Dr Matthew McKenzie

STAFF PROFILE

Position

Lecturer in Animal Cell Biology

Faculty

Faculty of Sci Eng & Built Env

Department

School of Life & Env. Sciences

Campus

Geelong Waurn Ponds Campus

Qualifications

Doctor of Philosophy, University of Melbourne, 2003

Contact

m.mckenzie@deakin.edu.au
+61 3 522 73015

Biography

Dr Matthew McKenzie undertook his PhD with Dr Ian Trounce at St. Vincent's Hospital, Melbourne, where he developed novel mouse models of mitochondrial DNA (mtDNA) disease. He continued his mitochondrial research as a postdoctoral scientist in the laboratory of Professor Michael Duchen, University College London. There he investigated how mitochondrial membrane potential, calcium handling and ATP generation are disrupted in mitochondrial disorders using state-of-the-art confocal imaging techniques.
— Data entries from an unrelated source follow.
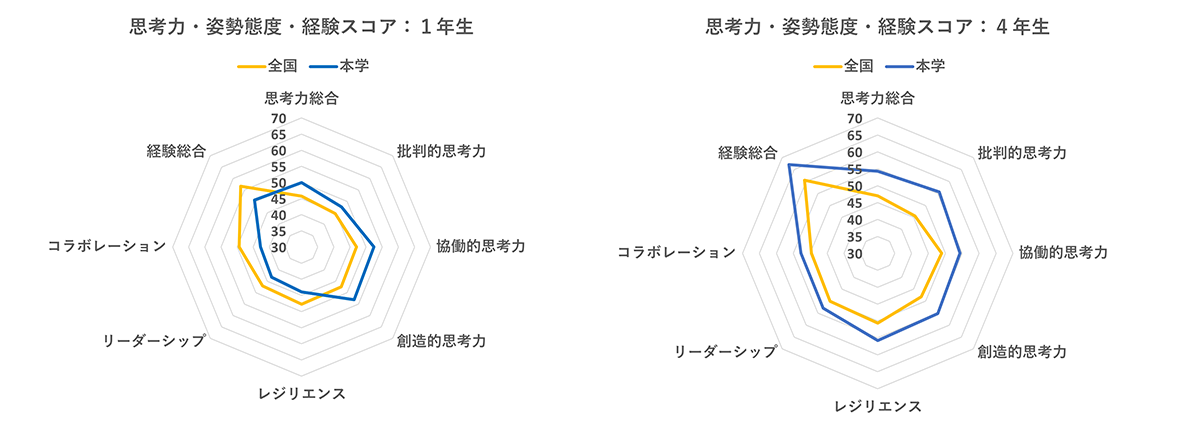 個別のデータを比較すると、姿勢態度の各要素(レジリエンス・リーダーシップ・コラボレーション)と経験総合のスコアは、1年次時点では全国の同学年より低いスコアであるものの、4年次には、それを上回るスコアとなっています。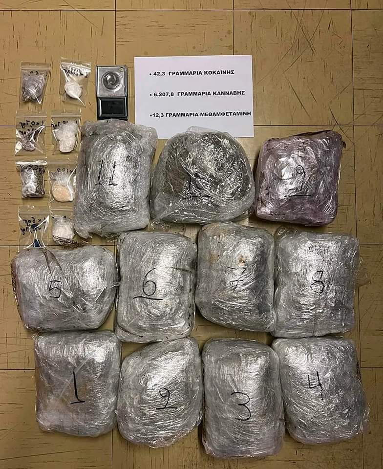 Κατασχέθηκαν 6,2 κιλά κάνναβης, 42 γραμμ. κοκαΐνης, 12 γραμμ. μεθαμφεταμίνης, ζυγαριά ακριβείας, κ.α.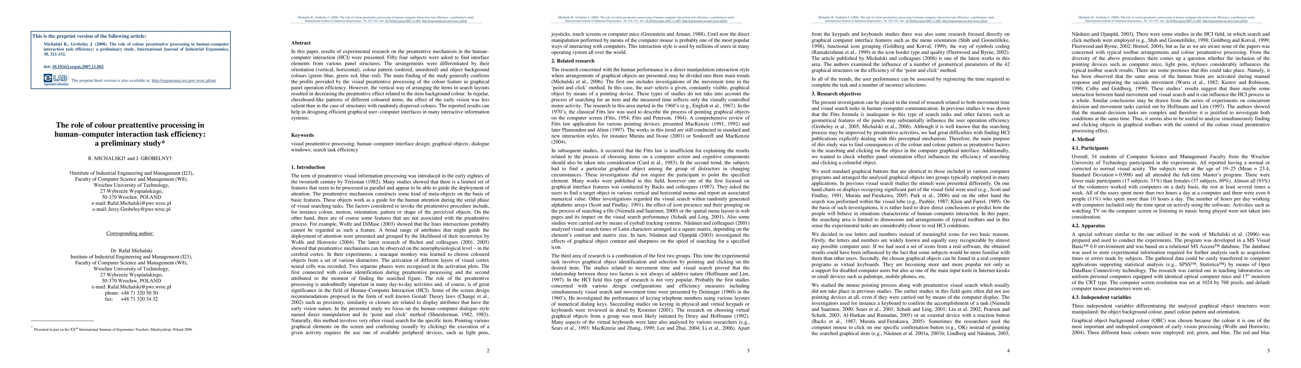 This study investigates the impact of colour preattentive processing on human-computer interaction efficiency, revealing that colour features enhance graphical panel operation. However, vertical arrangements and chessboard-like patterns diminish this effect, suggesting design improvements for more efficient interfaces.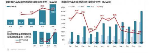12月新能源汽车动力电池装机量较上月增加12.1GWh。2022年12月,新能源汽车动力电池装机量40.2GWh,同比增长50.6%。2022年累计装机量261.8GWh,同比增长84.3%。12月疫情的影响有所减退,但群体性感染让终端市场在一段时间内陷入萧条,市场销量基本在下半月才得以释放。在年底终端促销外加新能源补贴即将退出的双重刺激下,装机量在12月依然实现了大幅上升。
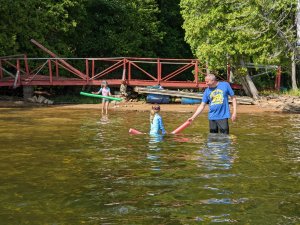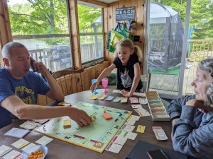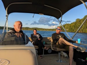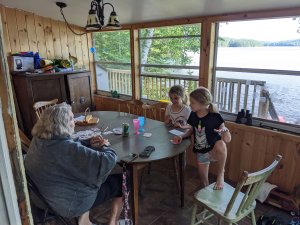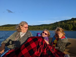 July 28, 2022: It was our last full day at the cottage. We didn’t have any big plans. We just spent the day hanging out. We played games with grandma, did a little swimming, and visited with friends. Not only did we see the MacDonalds and put on a cat play for them, Dennis and Sharon took us on a sunset cruise around the lake! Our cruise ended with Dennis telling us silly grampa stories.. As he finished, beautiful pink clouds appeared and it rained when we pulled into the dock. Grampa left us a note before he died. It said to look to the clouds for kisses from him. He knew pink is our favorite color. We love you too, grampa!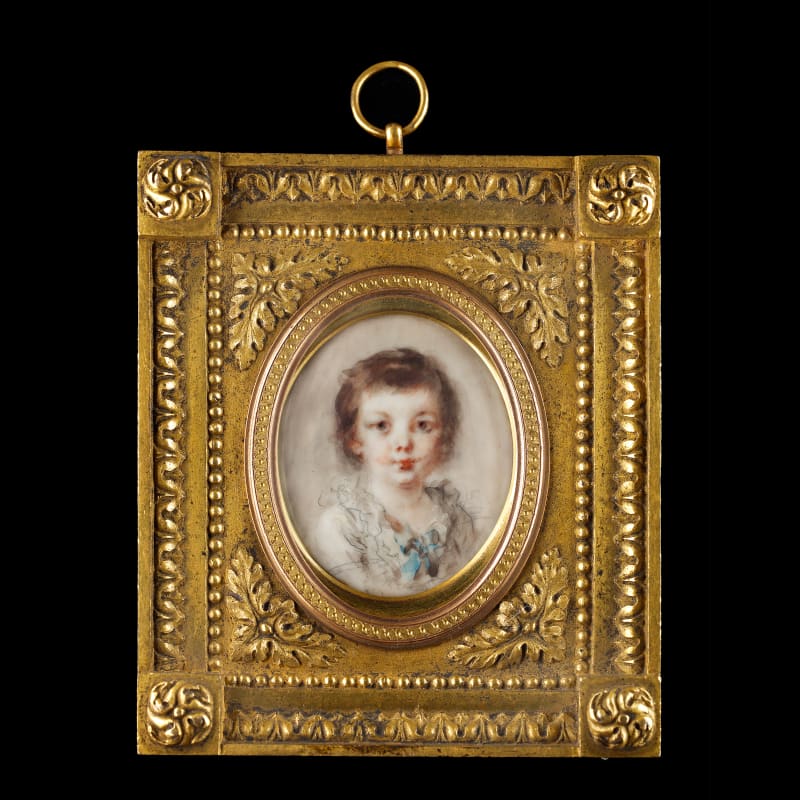 Louis was to marry two years after the probable date of this miniature in 1767. As the heir to the enormous Penthièvre fortune, Louis enjoyed a hedonistic lifestyle. In an attempt to curb his son’s wild ways, Louis’ bride was chosen as the pious Maria Luisa of Savoy. Unfortunately, the proposed change of lifestyle came too late, and Louis died of venereal disease at the age of twenty, having sold his new wife’s diamonds to pay his mounting debts.

In 2004, Dr McKenzie returned to Australia to work with Professor Mike Ryan at La Trobe University, Melbourne. He received an NHMRC Peter Doherty Fellowship, and subsequently an NHMRC Career Development Fellowship, to study the biogenesis of mitochondrial complex I and how inherited defects can disrupt this process. In 2011, Dr McKenzie was recruited by the Hudson Institute of Medical Research as a Group Leader in the Centre for Genetic Diseases, where he established his own independent research program. 

Dr McKenzie was appointed as a Lecturer at Deakin University in 2018, with his current research focusing on the interactions between mitochondrial fatty acid beta-oxidation (FAO) and oxidative phosphorylation (OXPHOS) protein complexes and their importance in human disease pathology. He has obtained research funding from the NHMRC, the Australian Mitochondrial Disease Foundation and MEI Pharma, and was awared an ARC Future Fellowship in 2012 to support his research career.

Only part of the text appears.